Italiaans sterrenkundige (Modena 25 Mrt 1786 - Florence 10 Apr. 1863), hield zich reeds vroeg bezig met het vervaardigen van optische instrumenten. In 1815 werd hij hoogleraar in de wiskunde in zijn geboortestad, in 1825 directeur van het hoger onderwijs en eindelijk in 1831 observator aan de sterrenwacht te Florence, in welke laatste betrekking hij ondersteund werd door zijn zoon Vincenzo, die later hoogleraar in de wiskunde werd te Pisa.
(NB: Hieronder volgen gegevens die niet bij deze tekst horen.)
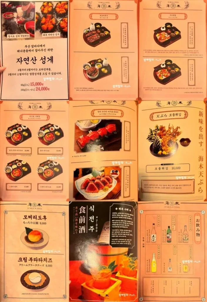 해목의 대표 메뉴는 다양한 덮밥과 사시미입니다. 저는 부산에서 맛봤던 장어덮밥과 카이센동 외에도, 먹어보지 못한 다양한 메뉴를 주문해 보았습니다. 특히 이번에는 특카이센동이 있어서 기대가 되더군요!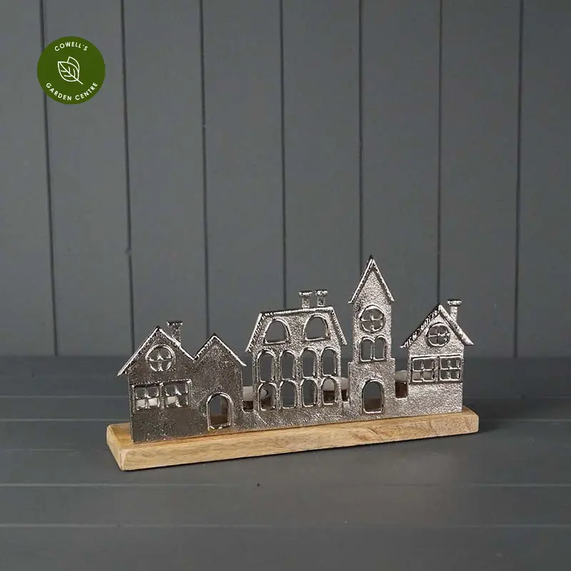 Metal town scene, casting a cosy glow when candles are placed behind.

Reeds in de aanvang van de vorige eeuw vervaardigde hij een spiegeltelescoop met een brandpuntafstand van 2½ m en met een objectief van bijna 17 cm. Later leverde hij een kijker ter lengte van bijna 7 m met een middellijn van bijna 3 dm en in 1812 een telescoop met een holle en een in het middelpunt doorboorde vlakke spiegel. Zijn spiegelmicroscopen uit die tijd waren de beste, die men toen kende. Te Parijs bevindt er zich een van hem met 6 oculairen en 3 objectieven en met een vergroting van 17 millioen maal. De fotografische camera heeft hij aanmerkelijk verbeterd. Zijn polarisatietoestel was tot het waarnemen en meten van alle polarisatieverschijnselen bij uitstek geschikt. Daarenboven heeft hij belangrijke verhandelingen, benevens waarnemingen over de dubbelsterren, de wachters van Jupiter, de middellijn der zon, de omloop der sappen in de planten enz., in het licht gegeven. Bij de betrekking van observator verkreeg hij die van hoogleraar aan het Museo di storia naturale te Florence.Zijn naam is verbonden aan het nog in gebruik zijnde rechtziend prisma van Amici, dat een combinatie is van drie prisma’s, waarvan één van flintglas en twee van kroonglas, en dat de eigenschap heeft, dat het wel het licht in zijn spectrale bestanddelen ontleedt, maar het midden van het spectrum uit laat treden in dezelfde richting, als waarin het licht op het prisma valt.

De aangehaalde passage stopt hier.